===== DATASET SECTION =====

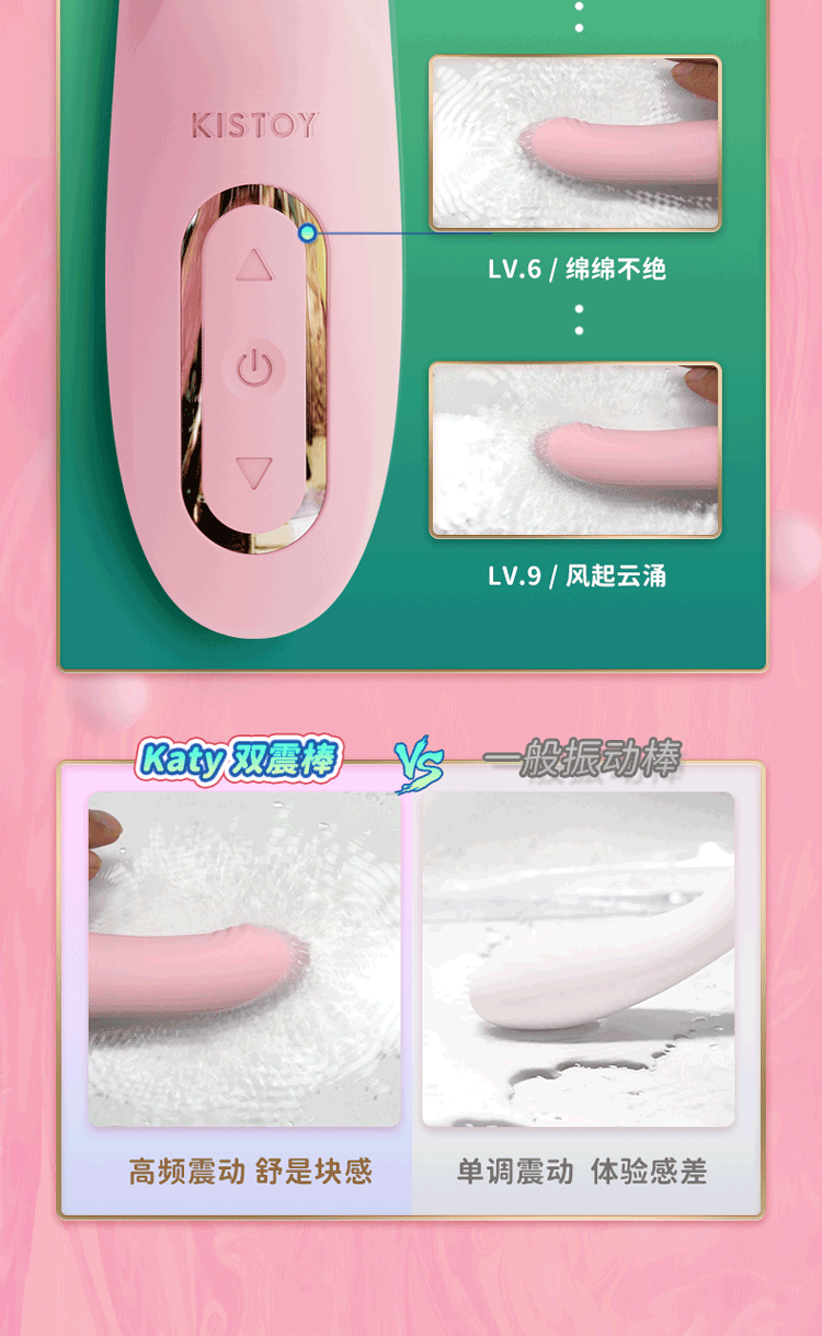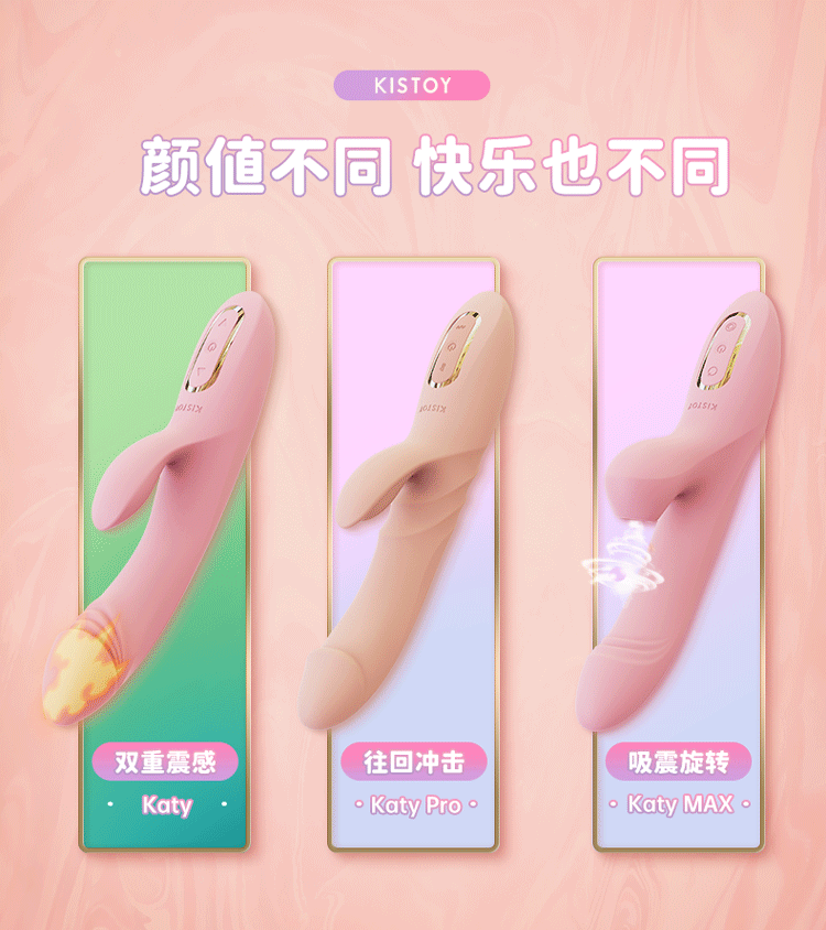 Kisstoy Katy 按摩棒系列以「高顏值+黑科技」走紅社交平台,主攻 G 點與 C 點雙重快感。9 檔震動搭載 38 °C 恆溫功能,矽膠機身貼服舒適,無論獨自探索抑或伴侶前戲,都能輕鬆解鎖高潮新高度。
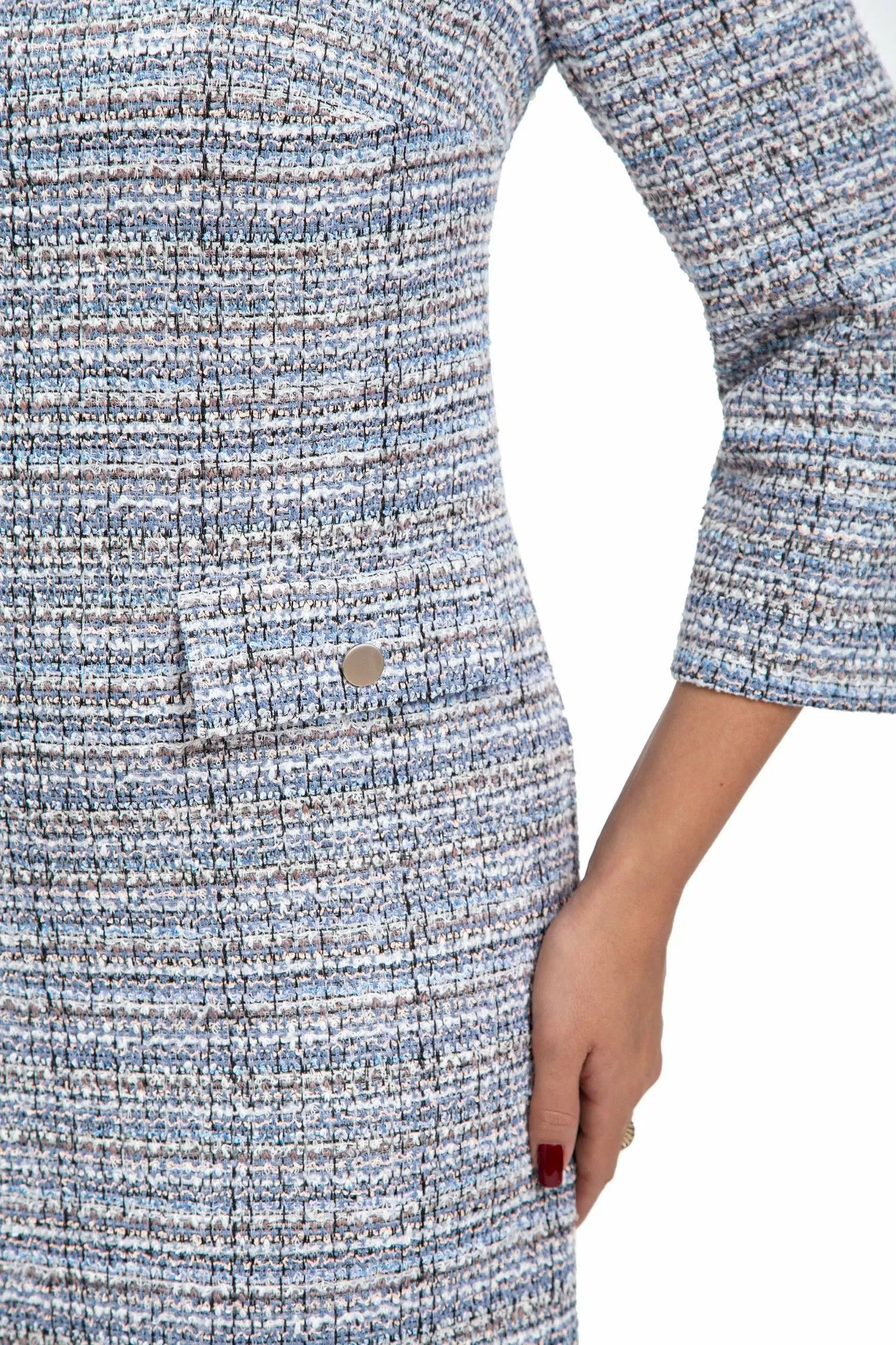Платье с застежкой на потайную молнию в среднем шве спинки, без воротника, с круглым вырезом горловины, и доплнительной застежкой на петли и пуговицы по левому плечевому шву. По переду с нагрудными вытачками. На уровне линии бедер расположены отделочные клапаны, зафиксированные к Платье на подкладке
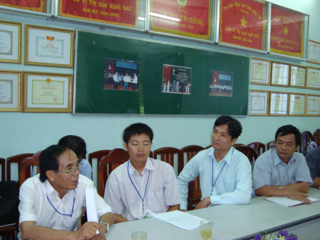 TS Trần Hành - Hiệu Trưởng nhà trường góp ý để các tác giả hoàn thiện đề tài hơn
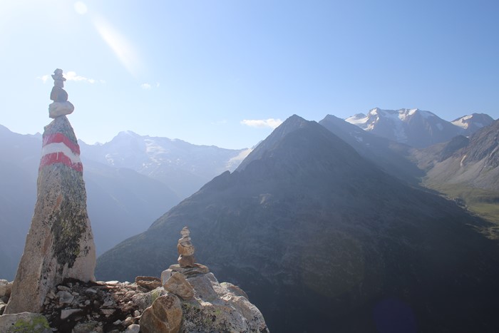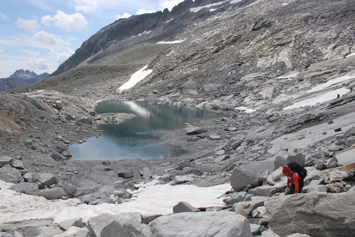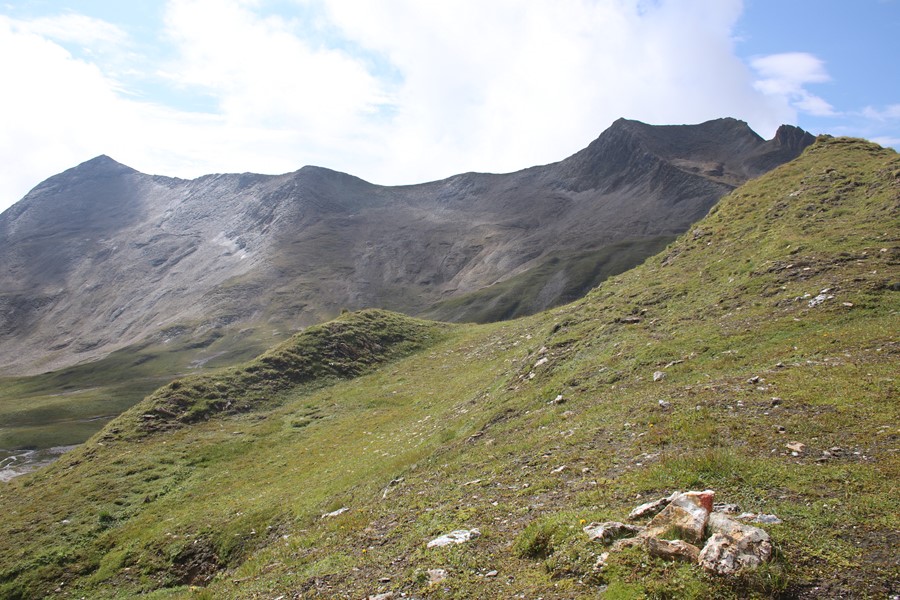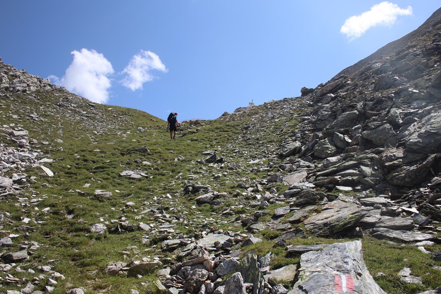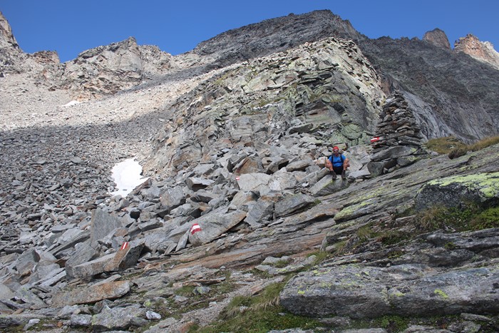 Die Luft wird Dünner. Eine Spur am letzten Stück vor dem Sattel deutet Links den Übergang an. Wurle folgt einer Spur die sich leicht im Schnee abhebt. Zwar leichter Wind und kühler kurze Hose kein Nachteil das Fleece schützt ein wenig. Die Helden fallen zurück, ja es strengt an der Körper ist gefordert, zum Ende hin wird es steiler, Die Stange die den Übergang kennzeichnet ist zu sehen, doch eine Spur ist deutlich Westlicher, Wurle ist 50 m voraus, als er den steilen Hang angeht wird schnell klar da kommt eine Knifflige Aufgabe auf uns zu Die Oberfläche spiegelt schaut aus als wäre eine Eisschicht darüber. Wurle setzt sogar die Hände ein, als er fast oben teste ich diese Anspruchsvolle Passage, mit jedem Meter wird der Untergrund fester 2/3 brauchbare Tritte danach hatten wohl die Vorausgehende auch ihre Sorgen. Ein Pickel täte gut, die Finger finden wenig Griff, die Grödel eben keine Steigeisen. Unter dem Fels quert es im Schnee Östlich bis an den Felsigen Grad, Wurle sitzt in der Sonne fast Windstill auf über 3000 m. Idealer Platz für eine Pause. Wurle gibt ein Mars aus. Der Blick nach Süden Eröffnet eine neue Perspektive auch dort noch viele Hohe Berge. Unten als Blickfang der Blau Never Stausee deutlich kleiner als der Schlegeis Stausee der auch noch Sichtbar ist. Ein Blick in die Tiefe mit Arg sausen, ein leichter Abstieg ist angekündigt, gut noch sind wir nicht am Sattel 25,Minuten später sind die beiden da, Christian erzählt das Bodo mit dem schlagen von Tritten gute Arbeit geleistet hat, klar war dementsprechend Zeitintensiv. Auch sie bekommen eine Wohlverdiente Pause. Kurz nach 13 Uhr, ich soll vor steigen, leichte Kletterei über Steine und Blöcke,Versuche einen Block Nördlich zu umgehen doch nach kurzem Abstieg erweist sich der Untergrund als Lose dazu versperrt eine Platte kehrt, die Kletterei leicht „Giftig“ Ein Mega Steinmann kurz vor dem Sattel Markiert diesen wenig begangene Sattel, einem Einstiegen Schmuggler Steig.

=====

**WHAT TO WORK ON**
Only these lines belong in the answer: the first line of the listing above through the line holding "TS Trần Hành", printed exactly and without pictures.

**SOLUTION TO THE EXERCISE**
 Kisstoy Katy 按摩棒系列以「高顏值+黑科技」走紅社交平台,主攻 G 點與 C 點雙重快感。9 檔震動搭載 38 °C 恆溫功能,矽膠機身貼服舒適,無論獨自探索抑或伴侶前戲,都能輕鬆解鎖高潮新高度。
Платье с застежкой на потайную молнию в среднем шве спинки, без воротника, с круглым вырезом горловины, и доплнительной застежкой на петли и пуговицы по левому плечевому шву. По переду с нагрудными вытачками. На уровне линии бедер расположены отделочные клапаны, зафиксированные к Платье на подкладке
 TS Trần Hành - Hiệu Trưởng nhà trường góp ý để các tác giả hoàn thiện đề tài hơn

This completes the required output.